The present disclosure relates generally to the field of rotorcraft, and more particularly, to a system and a method for rotating rotor blades to a stowed position.
Currently to stow rotor blades on a parked rotorcraft maintenance personnel erect a ladder near the blades, climb the ladder, and push or pull the blade as far as the blades can move without falling off the ladder. The maintenance personnel climb down the ladder and move the ladder to repeat the process until the blade is positioned correctly. This time-consuming procedure can be dangerous, unsafe, or cause major damage to the aircraft, especially when conducted in adverse weather conditions, whether from a stationary platform or a ship.
Rotor blades are a critical part of rotary aircraft and extra attention is required to prevent damage to the composite blades that occur when a blade strikes a surface. For example, a blade to blade contact can damage both blades beyond repair.
Accordingly, the need has arisen for a system and method of rotating the rotor blades for use on a rotorcraft that addresses one or more of the foregoing issues.
In a first aspect, there is provided a rotary blade movement system including a retaining member configured to receive a rotor blade, a graspable arm, and a coupling mechanism operable to removably couple the retaining member to the graspable arm. The rotor blade movement system is configured to enable a user to adjust the position of the rotor blade by moving the graspable arm.
In an embodiment, the retaining member includes a jaw and a hinge, the jaw is configured to rotate about the hinge between an open configuration and a closed configuration.
In another embodiment, the retaining member includes a curved portion shaped to complement a curvature of the rotor blade.
In still another embodiment, the retaining member is a clamp.
In an embodiment, the coupling mechanism includes a ball and socket joint.
In one embodiment, the ball and socket joint includes a socket member and a ball that is received in the socket member.
In another embodiment, the ball is disposed on the retaining member.

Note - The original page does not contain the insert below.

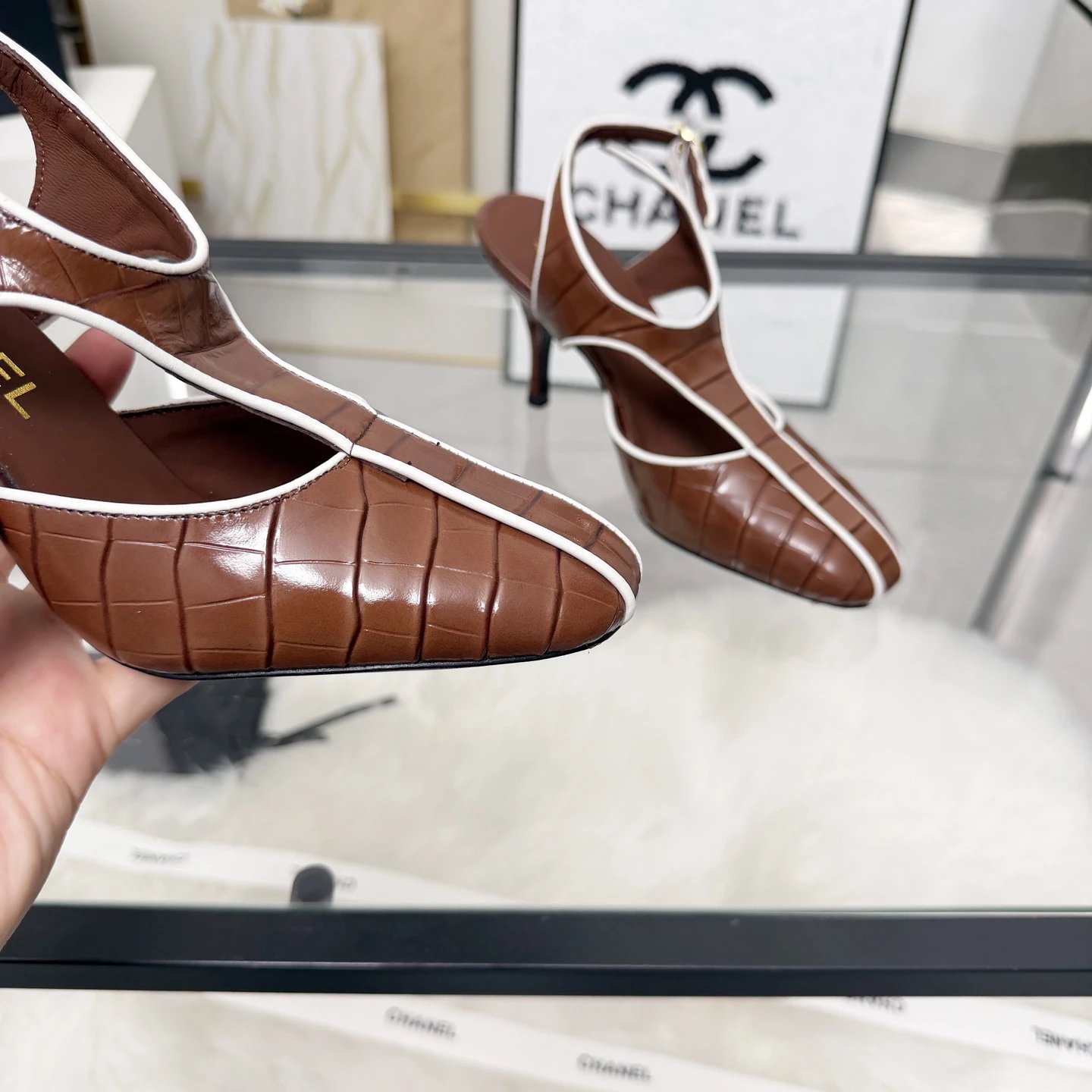 Materials: Stone-grain calfskin + patent leather, sheepskin lining, real leather outsole, 8cm heel.

In yet another embodiment, the graspable arm includes a pair of arms and a support member attached to the pair of arms, the socket member disposed on the support member.
In an embodiment, the socket member includes a base with a recess to receive the ball in an engaged position, a positional shaft to retain the ball within the recess in the engaged position; and a release member attached to the positional shaft that allows for release of the ball from the recess in a disengaged position.
In one embodiment, the positional shaft includes a spring disposed therein to apply a compressive force to the positional shaft in the engaged position.
In an embodiment, the spring is compressed by the release member in the disengaged position.
In still another embodiment, the release member includes one or more elements selected from the group consisting of: a wire, a cord, a string, a spring, or a cable.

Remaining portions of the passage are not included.